(RECORDS FOR THE EXERCISE)
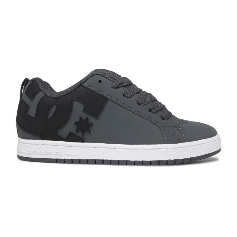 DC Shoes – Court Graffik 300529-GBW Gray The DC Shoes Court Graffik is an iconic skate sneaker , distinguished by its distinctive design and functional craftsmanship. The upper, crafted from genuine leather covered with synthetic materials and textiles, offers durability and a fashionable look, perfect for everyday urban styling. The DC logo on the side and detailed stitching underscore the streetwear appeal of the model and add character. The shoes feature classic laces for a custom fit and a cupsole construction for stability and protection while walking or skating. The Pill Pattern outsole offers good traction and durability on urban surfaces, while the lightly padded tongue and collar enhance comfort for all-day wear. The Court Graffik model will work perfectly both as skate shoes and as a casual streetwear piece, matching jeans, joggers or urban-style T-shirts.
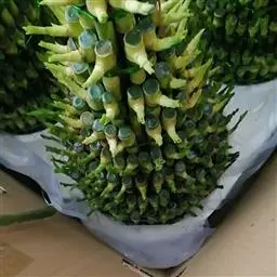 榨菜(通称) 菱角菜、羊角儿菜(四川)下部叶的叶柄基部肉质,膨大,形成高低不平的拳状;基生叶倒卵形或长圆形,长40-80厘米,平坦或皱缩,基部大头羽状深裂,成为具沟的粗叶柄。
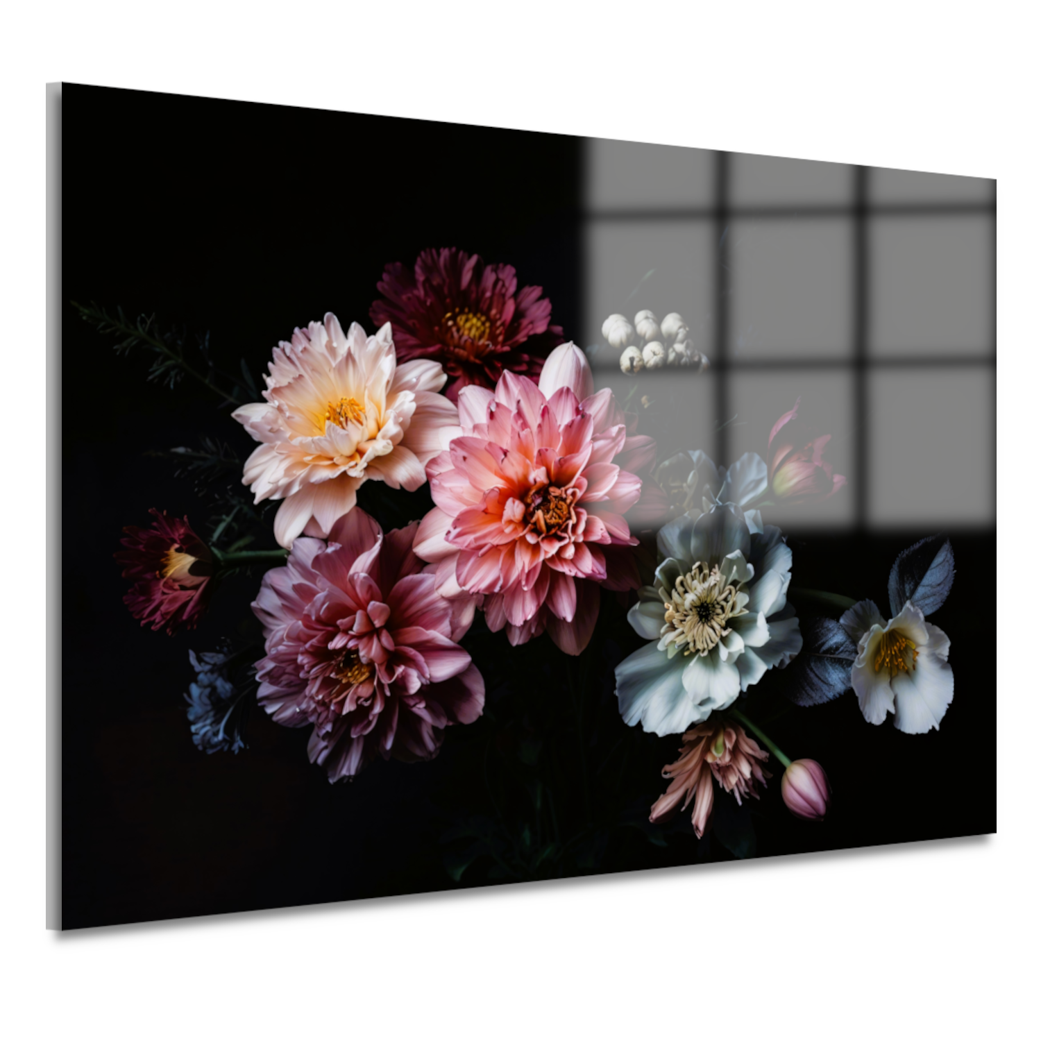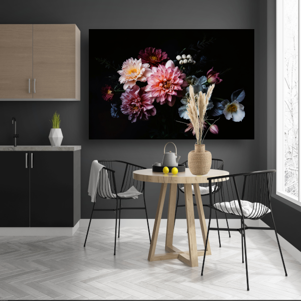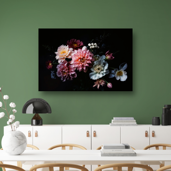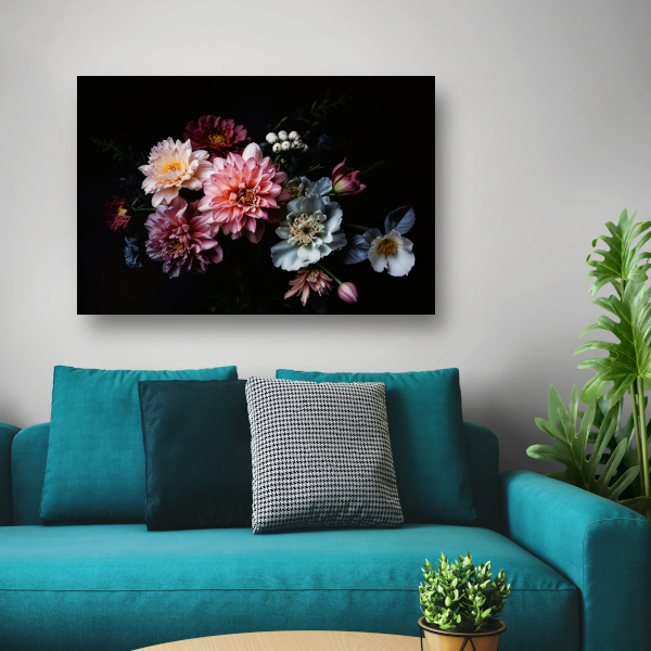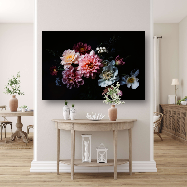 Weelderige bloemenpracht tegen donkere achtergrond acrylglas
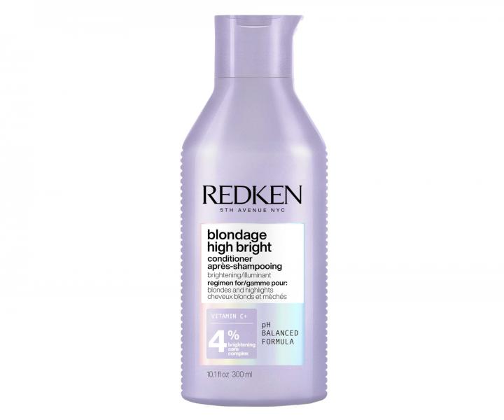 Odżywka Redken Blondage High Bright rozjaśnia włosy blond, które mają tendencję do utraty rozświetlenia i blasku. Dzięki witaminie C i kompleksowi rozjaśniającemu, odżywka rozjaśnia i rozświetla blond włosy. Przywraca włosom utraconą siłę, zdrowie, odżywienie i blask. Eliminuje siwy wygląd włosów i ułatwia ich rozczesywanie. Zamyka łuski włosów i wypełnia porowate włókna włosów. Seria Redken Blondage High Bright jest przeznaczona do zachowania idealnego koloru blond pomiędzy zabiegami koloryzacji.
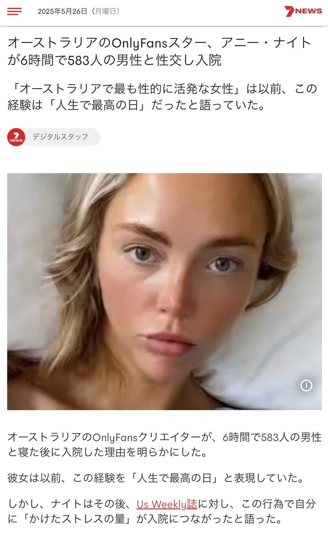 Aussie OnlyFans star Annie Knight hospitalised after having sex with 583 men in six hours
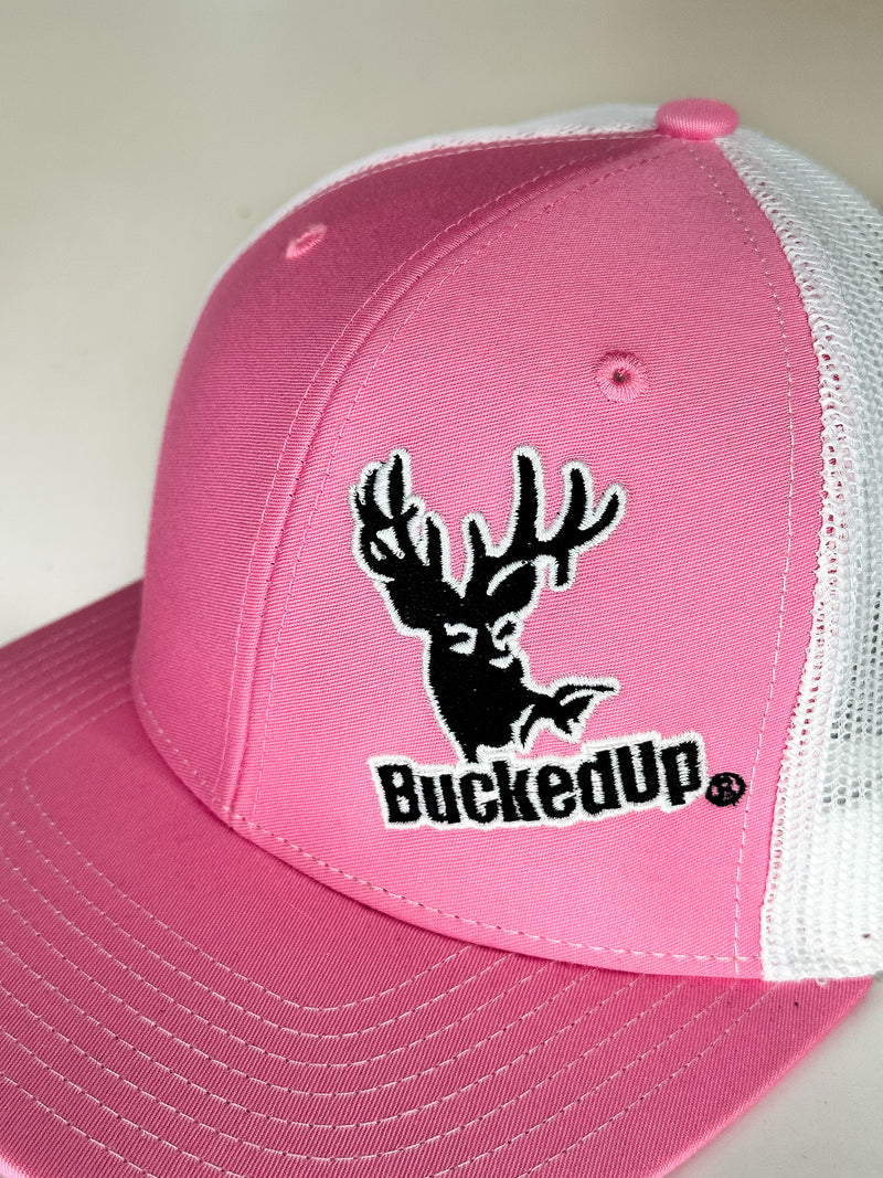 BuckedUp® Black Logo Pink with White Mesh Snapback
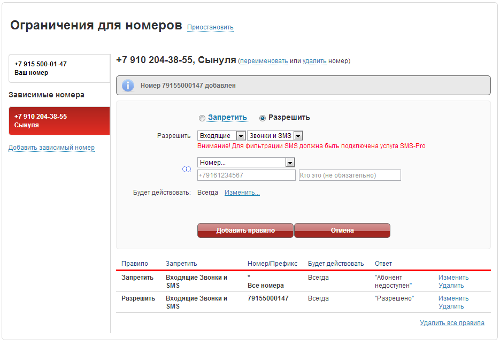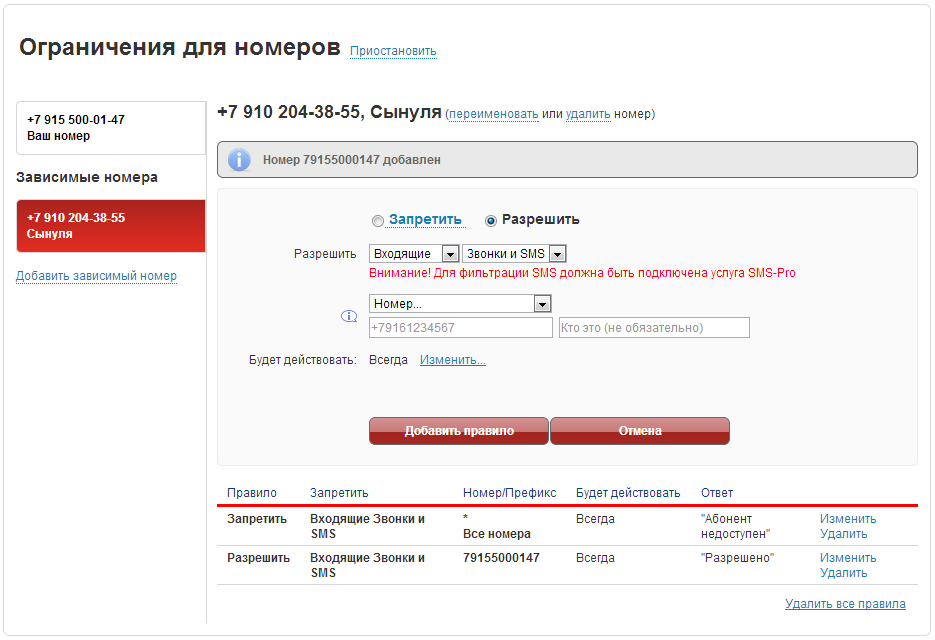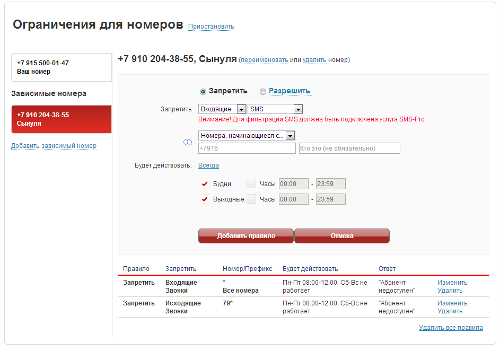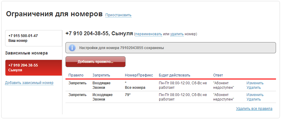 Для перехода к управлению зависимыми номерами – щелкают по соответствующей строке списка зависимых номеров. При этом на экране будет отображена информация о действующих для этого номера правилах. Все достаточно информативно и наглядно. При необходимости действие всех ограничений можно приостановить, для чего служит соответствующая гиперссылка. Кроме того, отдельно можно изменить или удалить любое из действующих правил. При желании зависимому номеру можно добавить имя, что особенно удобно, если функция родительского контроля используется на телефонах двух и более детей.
(End RECORDS FOR THE EXERCISE)
* [TASK INSTRUCTIONS]:
Keep the pictures out and transcribe the entries exactly.

* [RESPONSE AREA]:
 DC Shoes – Court Graffik 300529-GBW Gray The DC Shoes Court Graffik is an iconic skate sneaker , distinguished by its distinctive design and functional craftsmanship. The upper, crafted from genuine leather covered with synthetic materials and textiles, offers durability and a fashionable look, perfect for everyday urban styling. The DC logo on the side and detailed stitching underscore the streetwear appeal of the model and add character. The shoes feature classic laces for a custom fit and a cupsole construction for stability and protection while walking or skating. The Pill Pattern outsole offers good traction and durability on urban surfaces, while the lightly padded tongue and collar enhance comfort for all-day wear. The Court Graffik model will work perfectly both as skate shoes and as a casual streetwear piece, matching jeans, joggers or urban-style T-shirts.
 榨菜(通称) 菱角菜、羊角儿菜(四川)下部叶的叶柄基部肉质,膨大,形成高低不平的拳状;基生叶倒卵形或长圆形,长40-80厘米,平坦或皱缩,基部大头羽状深裂,成为具沟的粗叶柄。
 Weelderige bloemenpracht tegen donkere achtergrond acrylglas
 Odżywka Redken Blondage High Bright rozjaśnia włosy blond, które mają tendencję do utraty rozświetlenia i blasku. Dzięki witaminie C i kompleksowi rozjaśniającemu, odżywka rozjaśnia i rozświetla blond włosy. Przywraca włosom utraconą siłę, zdrowie, odżywienie i blask. Eliminuje siwy wygląd włosów i ułatwia ich rozczesywanie. Zamyka łuski włosów i wypełnia porowate włókna włosów. Seria Redken Blondage High Bright jest przeznaczona do zachowania idealnego koloru blond pomiędzy zabiegami koloryzacji.
 Aussie OnlyFans star Annie Knight hospitalised after having sex with 583 men in six hours
 BuckedUp® Black Logo Pink with White Mesh Snapback
 Для перехода к управлению зависимыми номерами – щелкают по соответствующей строке списка зависимых номеров. При этом на экране будет отображена информация о действующих для этого номера правилах. Все достаточно информативно и наглядно. При необходимости действие всех ограничений можно приостановить, для чего служит соответствующая гиперссылка. Кроме того, отдельно можно изменить или удалить любое из действующих правил. При желании зависимому номеру можно добавить имя, что особенно удобно, если функция родительского контроля используется на телефонах двух и более детей.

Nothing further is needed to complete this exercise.